Write single-sentence summaries of the two or three most likely main results of the kind your research is intended to produce, as it might be stated in a literature review by some future scientist who is citing your research.
Write a separate abstract for each version of the paper that reports the results quoted in Step 1. Invent plausible summary statistics as needed - your research will provide the actual numbers later.
Draw the figures or tables that establish or describe the various results claimed in Step 2. Again, invent plausible numbers.
Write down every realistic way in which the validity of the figures or tables in Step 3 can be attacked. Use this list to identify the controls needed in the research design.
Write the research methods section for the paper.
Flesh out the full research design, using Step 5 as a guide. Include nothing that is not plausibly suggested by Steps 4 and 5. Design the structure of the data to maximize its flexibility for exploratory data analysis.

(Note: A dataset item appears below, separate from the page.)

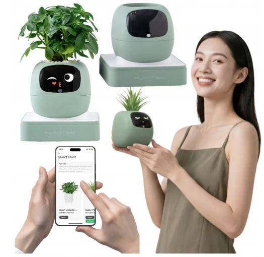 Inteligentní květináč • sleduje stav rostliny pomocí až 7 senzorů (vlhkost půdy, teplota, světlo, hladina vody) • interaktivní displej se zobrazením emocí a více než 70 výrazů pro signalizaci potřeb rostliny • reaguje na dotyk a gesta (až 5 typů interakcí) • upozornění na zálivku a nevhodné podmínky • propojení s mobilní aplikací pro individuální péči o konkrétní typ rostliny • doporučení pěstování a tipy • napájení: baterie/USB-C • design vhodný do interiéru • silikonová protiskluzová základna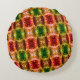 Round drawing generate red, green, and gold shapes cushion

The point here is that even exploratory research has a design, whether or not anyone ever writes it down or even acknowledges that it exists, and it is just as important for an exploratory design to focus on the goals of the research as it is for an experimental design. Top-down design is the means by which the research activity is focused on its goals.

Conclusion

The concept of top-down design has been embraced by many engineering disciplines. For example, virtually all large buildings are designed in this fashion, architects having learned the hard way that it is better to have a clear idea of what one is building before pouring the foundations. Large computer programs are almost always designed in this fashion [2], as are rocket probes to the outer planets.

The efficiencies of the top-down approach for research design are almost self-evident: no variables are measured that do not have a bearing on the hypothesis, no control is used that does not relate to a known threat to the validity of the study, no subject is included beyond the number demanded by the power analysis, and the investigators and funding agencies have solid assurance that they will not be left with a mountain of worthless data.

It may be argued that the designs generated by a top-down approach are not rich enough to provide opportunities to discover the unexpected, that they actively discourage serendipity. I disagree entirely. First, if serendipity is among the goals of a project, then a top-down approach will reflect that fact by building opportunities for unexpected discoveries into the design. Second, the efficiencies of top-down design will release resources so that a greater variety of studies can be done. Creative scientific leadership is usually helped far more than it is hurt by design methods of greater efficiency. Third, and most important, top-down design actually fosters creativity, by laying bare the essential core of the research effort - the core which is so often neglected or forgotten amid the distractions of peripheral issues.

References

Cohen, Jacob (1988). Statistical Power Analysis for the Behavioral Sciences, 2nd Edition. Hillsdale, New Jersey: Lawrence Erlbaum Associates. The tables in this reference are also available as a computer program.
Leith, P. (1984) "Top-down design within a functional environment." Software, 14, 921-930.